The two monks established a convent at Puquiura near Vitcos, and were fascinated by Inca stories of the "Virgins of the Sun" who dwelt in a fabulous city known only as "Vilcabamba the Old."

 

This city in the mountains was said to house great "wizards and masters of abomination."

Daily, the two monks tried to coax the Inca into revealing the location of this city. Finally, he agreed to take them and after three days they arrived at the foot of yet another barrier of mountains that jutted even further into the sky.

 

For weeks the monks preached and taught the natives who lived in a settlement just beyond sight and sound of the mystery city, they were forbidden to enter its enclaves for fear they would learn something of its rites, ceremonies, and purpose.

 

Friars Marcos and Diego finally concluded they would never be allowed access.

Four centuries later in 1911 an American historian and explorer, Hiram Bingham (1875-1956), discovered the haunting ruins of a lost Inca outpost cradled in the summit of a mountain called Machupicchu, he believed [at the time] that he had discovered the lost city of "Vilcabamba the Old," and recovered a number of skelatal remains, predominately female, which he later sent to Dr.
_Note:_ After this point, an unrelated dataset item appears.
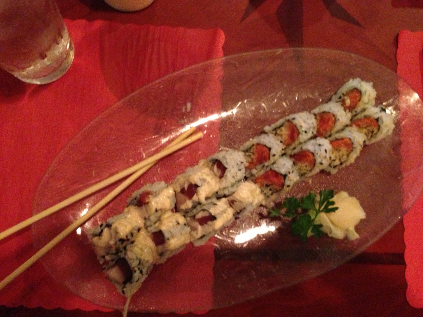 | The hubs and I split a TNT roll and a spicy tuna roll...yum!! |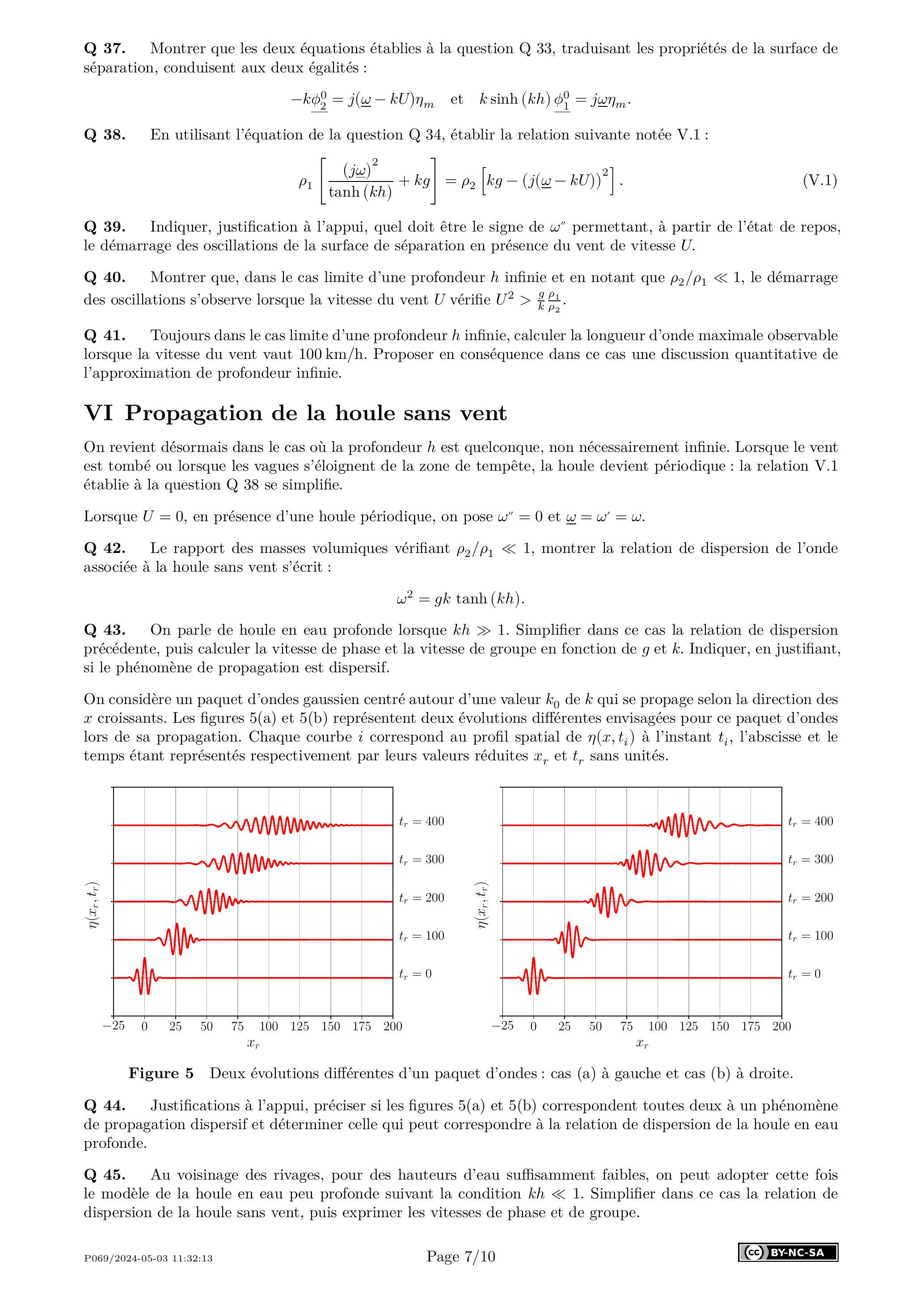 Q 39. Indiquer, justification à l'appui, quel doit être le signe de permettant, à partir de l'état de repos, le démarrage des oscillations de la surface de séparation en présence du vent de vitesse .

George Eaton of Yale University.

The professor concluded that among the remains,

"there was not a single one of a robust male of the warrior type, there are a few effeminate males who might very well have been priests, but the large majority of the skeletons are female ..."

Why did the Inca retain a settlement of young women in the mountain retreat Machu Picchu?
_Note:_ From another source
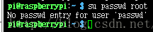 当从root用户切换到pi用户后,我们再次使用su passwd root来修改密码,会报错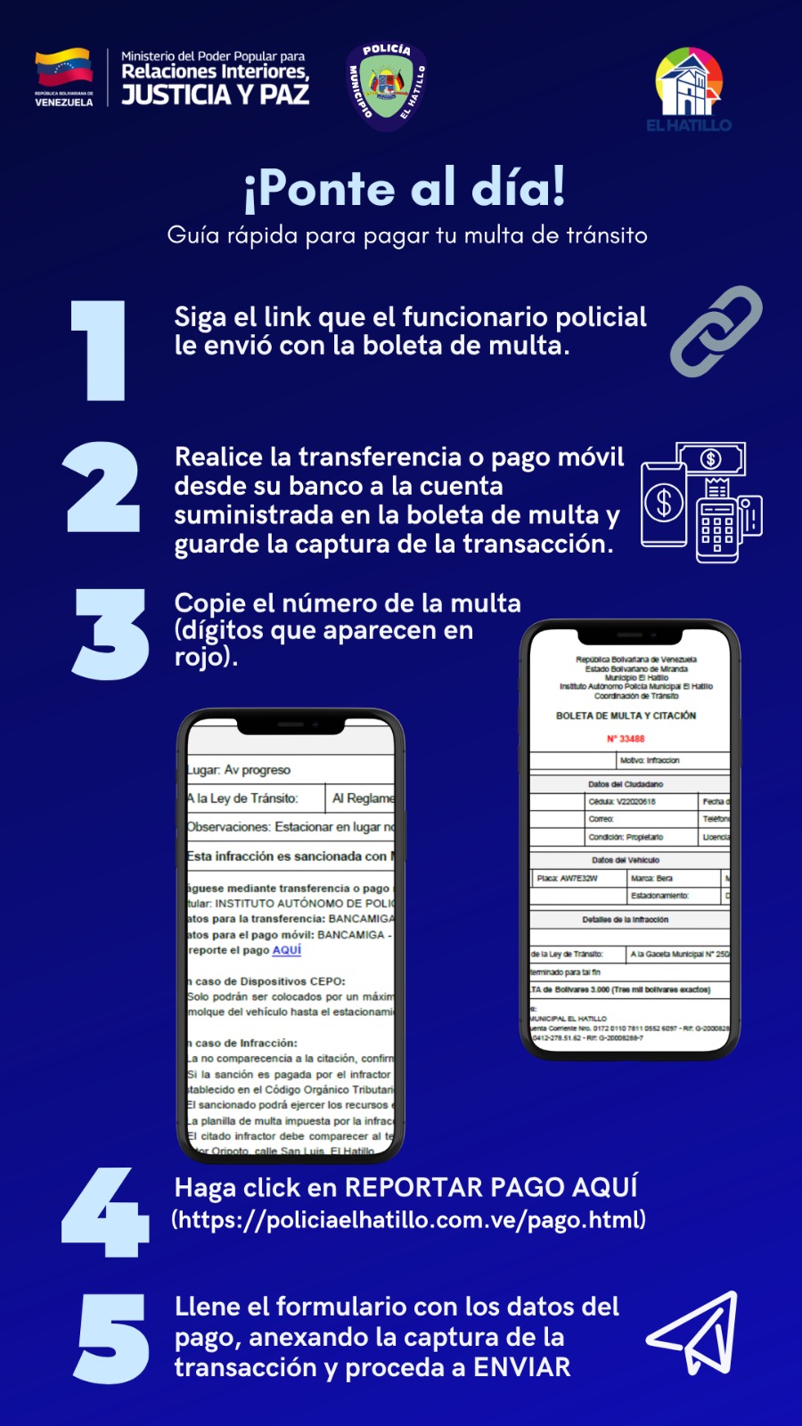 Es importante que suministre al Funcionario un número de teléfono válido con WhatsApp y una dirección de correo para que reciba la boleta de multa.

For the Inca this hidden sanctuary may well have afforded him an inner earth enclave accessible from the city through a vast network of caverns, and tunnels, said to criss cross all of South America. If another deluge were unleashed a Sanctuary with hidden access to a secure realm might well repopulate a drowned world.

In his book, "The Lost City of the Incas," Bingham described one of the rituals performed at the winter solstice which ritually tethered the Sun to the Earth. The "Intiwatana Stone" located atop the pyramid at Machupicchu, may well have been erected to "energetically tie the Sun to the Earth."

Legend speaks of a "mystical cord" securing the Earth to the Sun "guiding it across the heavens," to keep it on course.

The "hitching post of the sun" may have been a magical device used ritually to harness the Sun's course thus preventing a replay of an ancient cataclysm. If so, then the mysterious appearance of solar megaliths (known as Sun Stones) around the globe may well represent ancient attempts to secure the sun in its new path after a great Flood; a reigned sun could not release another cataclysm of tectonic shifts and crustal movement; the earth would be safe for another year.

This obsession with the stability of the sun's path is found in the American southwest as well.

Among the ruins of the Anasazi (a Navajo word meaning "the ancient ones"), are the famed cliff dwellings and solar atars.

 

Chaco Mesa in New Mexico is the site of one of the most remarkable solar megaliths - three slabs of stone, each weighing two tons arranged so that the light of the sun falls on a spiral petroglyph marking the exact alignment of the summer and winter solstices, and the spring and fall equinoxes.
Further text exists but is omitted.